19.7.1. Kafka Topic Name¶

Each SimpleFeatureType (or schema) will be written to a unique Kafka topic. By default, the topic name will consist of the value of the kafka.catalog.topic data store parameter (or kafka.zk.path if using Zookeeper), and the SimpleFeatureType name, separated with a -. For example, with the default catalog topic (geomesa-catalog), a SimpleFeatureType name of my-type would result in the topic geomesa-catalog-my-type.

If desired, the topic name can be set to an arbitrary value by setting the user data key geomesa.kafka.topic before calling createSchema:

SimpleFeatureType sft = ....;
sft.getUserData().put("geomesa.kafka.topic", "myTopicName");

For more information on how to set schema options, see Setting Schema Options.

19.7.2. Kafka Topic Configuration¶

The Kafka topic for a given SimpleFeatureType will be created when calling createSchema (if it doesn’t already exist). GeoMesa exposes a few configuration options through data store parameters. Additional options can be configured by setting the user data key kafka.topic.config before calling createSchema:

SimpleFeatureType sft = ....;
sft.getUserData().put("kafka.topic.config", "cleanup.policy=compact\nretention.ms=86400000");

The value should be in standard Java properties format. For a list of available configurations, refer to the Kafka documentation. For more information on how to set schema options, see Setting Schema Options.

Parallelism in Kafka is achieved through the use of multiple topic partitions. Each partition can only be read by a single Kafka consumer. The number of consumers can be controlled through the kafka.consumer.count data store parameter; however, this will have no effect if there is only a single topic partition. To create more than one partition, use the kafka.topic.partitions data store parameter.

Replication in Kafka ensures that data is not lost. To enable replication, use the kafka.topic.replication data store parameter.

19.7.3. Kafka Topic Compaction¶

Kafka has various options for preventing data from growing unbounded. The simplest is to set a size or time-based retention policy. This will cause older messages to be deleted when the topic reaches a certain threshold.

Starting with GeoMesa 2.1.0, the Kafka data store supports Kafka log compaction. This allows for the topic size to be managed, while preserving the latest state for each feature. When combined with Initial Load (Replay), the persistent state of a system can be maintained through restarts and down-time. Note that when using log compaction, it is important to send explicit deletes for each feature, otherwise the feature will never be compacted out from the log, and the log size will start to grow unbounded.

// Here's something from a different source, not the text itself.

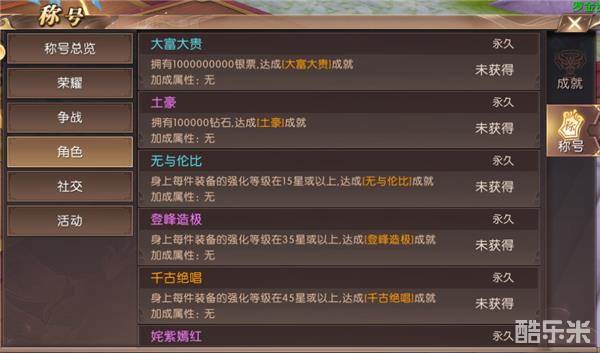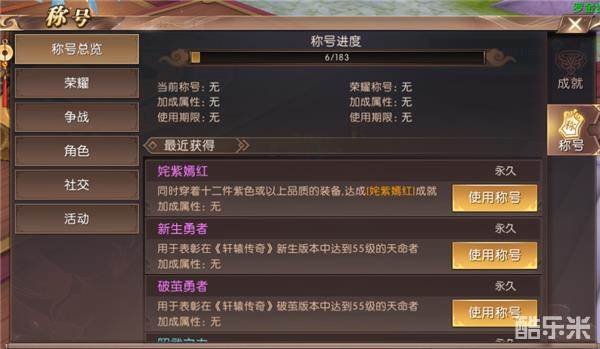 角色篇中首先出现的财富称号,大富大贵、土豪;其次是,装备成就的称号,无与伦比、登峰造极、千古绝唱、姹紫嫣红、武运昌盛;接着是器灵称号,澄清天下、九灵飞舞、十二灵动、十三太保;跟着是战力称号,昭武之力、忠武之力、骠骑之力、兵马之力、三军之力、轩辕之力;然后是咱们的技能修为的称号,无招胜有招、出神入化;以及咱们经脉的称号,任督顿开、奇经八脉、醍醐灌顶、阴阳调和;还有咱们坐骑的称号,驯兽大师、风驰电掣等等等。咱们在平时的时候可以通过,其他轩辕勇士在头上挂的称号来粗略判断,这个小伙伴在哪方面是比较突出的,同时也可以让我们在交手的时候做到心中有数。

If upgrading from a version of GeoMesa prior to 2.1.0, the topic should be run for a while using a size or time-based retention policy before enabling compaction, as messages written with older versions of GeoMesa will never be compacted out.

19.7.4. Serialization Format¶

The Kafka message serialization format may be configured with the data store parameter kafka.serialization.type.

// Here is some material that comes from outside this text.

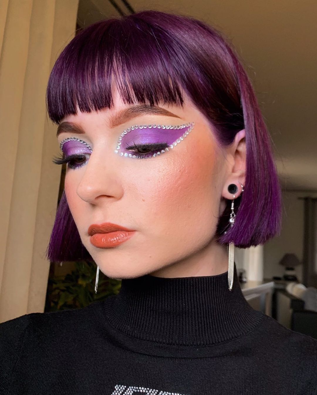 I love this entire vibe. You can get a great plum hair color and then decorate it with these super funky fringe bangs.

By default, Kafka messages are serialized with a custom Kryo serializer. The Kryo serializer has the ability to only deserialize the fields of a feature that are being read, which can greatly reduce processing load when dealing with high-velocity data streams (where many features may not be queried before they are updated) and/or WMS (map) queries (which often only read a small number of attributes).

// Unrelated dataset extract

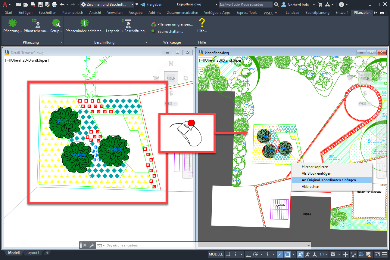 Pflanzungen werden am einfachsten per Drag & Drop von einer in die andere Zeichnung kopiert. Hierbei können sowohl Einzel- als auch Flächenpflanzungen herangezogen werden. Öffnen Sie hierzu einfach beide Zeichnungen und stellen Sie die Fenster am besten nebeneinander, damit beide Zeichnungen sichtbar sind. Stellen Sie danach günstige Zoom-Ausschnitte für die Zeichnungen her, damit Sie den Ursprung und das Ziel bestmöglich sehen und wählen können.

For broader compatibility, Avro serialization can be used instead. Avro libraries exist in many languages, and Avro messages follow a defined schema that allows for cross-platform parsing. GeoMesa supports two flavors of Avro serialization, avro-native (preferred) or avro (legacy). The avro format is similar to avro-native, but collection-type attributes (Maps and Lists) are encoded in an opaque fashion, instead of using native Avro collection types (if there are no collection types in a schema, then avro and avro-native are equivalent). Non-native avro should only be used if there is a need to work with older GeoMesa versions that don’t support avro-native.

When using Avro, the message schemas can be obtained by consuming the GeoMesa catalog topic. Alternatively, the schemas can also be obtained through the gen-avro-schema command line method.

Warning

Messages on a GeoMesa topic may have different serialization schemes, depending on the configuration of any data stores producing records. If reading messages directly with Avro, care should be taken to ensure a consistent scheme.

19.7.5. Integration with Other Systems¶

The Kafka data store is easy to integrate with by consuming the Kafka topic. The messages are a change log of updates. Message keys consist of the simple feature ID, as UTF-8 bytes. Message bodies are serialized simple features, or null to indicate deletion. The internal serialization version is set as a message header under the key "v". See Serialization Format for details on message serialization.

If you are using the Confluent platform to manage Kafka, please see Confluent Integration.